This is the table:
| id | region | variety | price |
|---|---|---|---|
| 1 | Alexander Valley | Cabernet Sauvignon | 35 |
| 2 | Alexander Valley | Cabernet Sauvignon | 45 |
| 3 | Alexander Valley | Merlot | 19 |
| 4 | California | Sauvignon Blanc | 8 |
| 5 | California | Pinot Noir | 17 |
I wanted to find out for each region, the cheapest and most expensive variety, so the output should be:
| region | expensive | cheap |
|---|---|---|
| Alexander Valley | Cabernet Sauvignon | Merlot |
| California | Pinot Noir | Sauvignon Blanc |
I was able to get the correct result using two first_value()
SELECT
DISTINCT region,
FIRST_VALUE(variety) OVER (PARTITION BY region ORDER BY price DESC) AS expensive,
FIRST_VALUE(variety) OVER (PARTITION BY region ORDER BY price) AS cheapest
FROM wine_list
I thought it would be equivalent to the following query
SELECT
DISTINCT region,
FIRST_VALUE(variety) OVER (PARTITION BY region ORDER BY price DESC) AS expensive,
LAST_VALUE(variety) OVER (PARTITION BY region ORDER BY price DESC) AS cheapest
FROM wine_list
However now my output is:
| region | expensive | cheap |
|---|---|---|
| Alexander Valley | Cabernet Sauvignon | Cabernet Sauvignon |
| Alexander Valley | Cabernet Sauvignon | Merlot |
| California | Pinot Noir | Pinot Noir |
| California | Pinot Noir | Sauvignon Blanc |
Why is my output wrong?

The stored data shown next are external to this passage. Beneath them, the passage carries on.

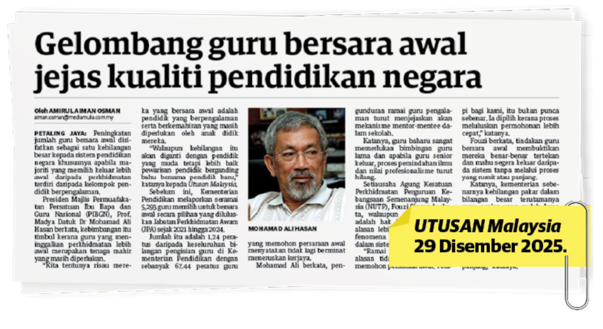 PETALING JAYA: Gelombang guru bersara awal tidak menjejaskan kualiti pendidikan negara sebaliknya, ia memberi peluang kepada lepasan pendidikan yang ramai dan masih menganggur untuk berkhidmat. Bekas Ketua Pengarah Pelajaran, Tan Sri Alimuddin Mohd. Dom berkata, selain itu, jumlah yang terlibat adalah kecil berbanding keseluruhan guru dan perkara itu memberi peluang kepada golongan graduan pendidikan yang masih menganggur untuk mula berkhidmat. Katanya, persaraan awal juga memberi peluang kepada guru muda untuk…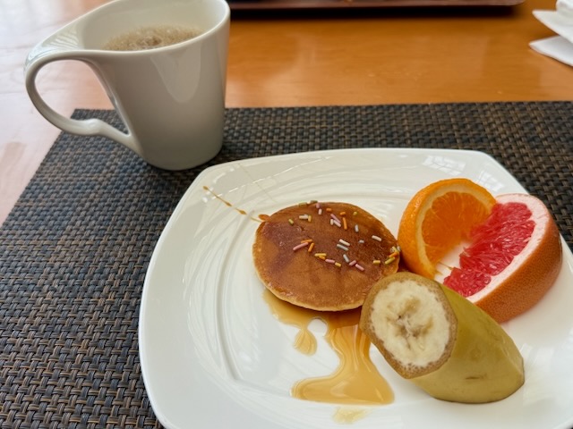 ヒルトンロゴの入ったワッフルもありましたが、パンケーキのほうをいただきました。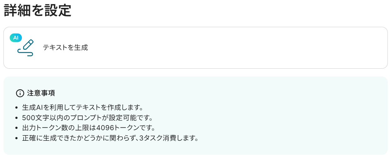 ステップ3と同様、アクションは「テキストを生成|500文字以内(3タスク)」のまま「次へ」をクリック。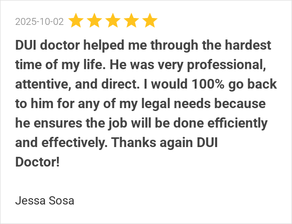 Needed a lawyer and made a great choice with The DUI Doctor....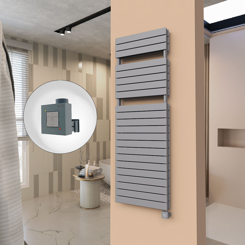 AKS Seçenekleri21H Sèche Serviettes Electrique 600x1772 Anthracite Ktx4 1000 Watt Câble en spirale 22 Tuyeaux |Chauffe 9-27 m2

I am so baffled.
>Solution :
The default window for FIRST_VALUE and LAST_VALUE is ROWS BETWEEN UNBOUNDED PRECEDING AND CURRENT ROW. I.e. it is the first resp. last value "so far".
You want it for the whole dataset, however, so you must explicitely describe the window range:
SELECT DISTINCT
region,
FIRST_VALUE(variety) OVER
(PARTITION BY region ORDER BY price DESC
ROWS BETWEEN UNBOUNDED PRECEDING AND UNBOUNDED FOLLOWING) AS expensive,
LAST_VALUE(variety) OVER
(PARTITION BY region ORDER BY price DESC
ROWS BETWEEN UNBOUNDED PRECEDING AND UNBOUNDED FOLLOWING) AS cheapest
FROM wine_list;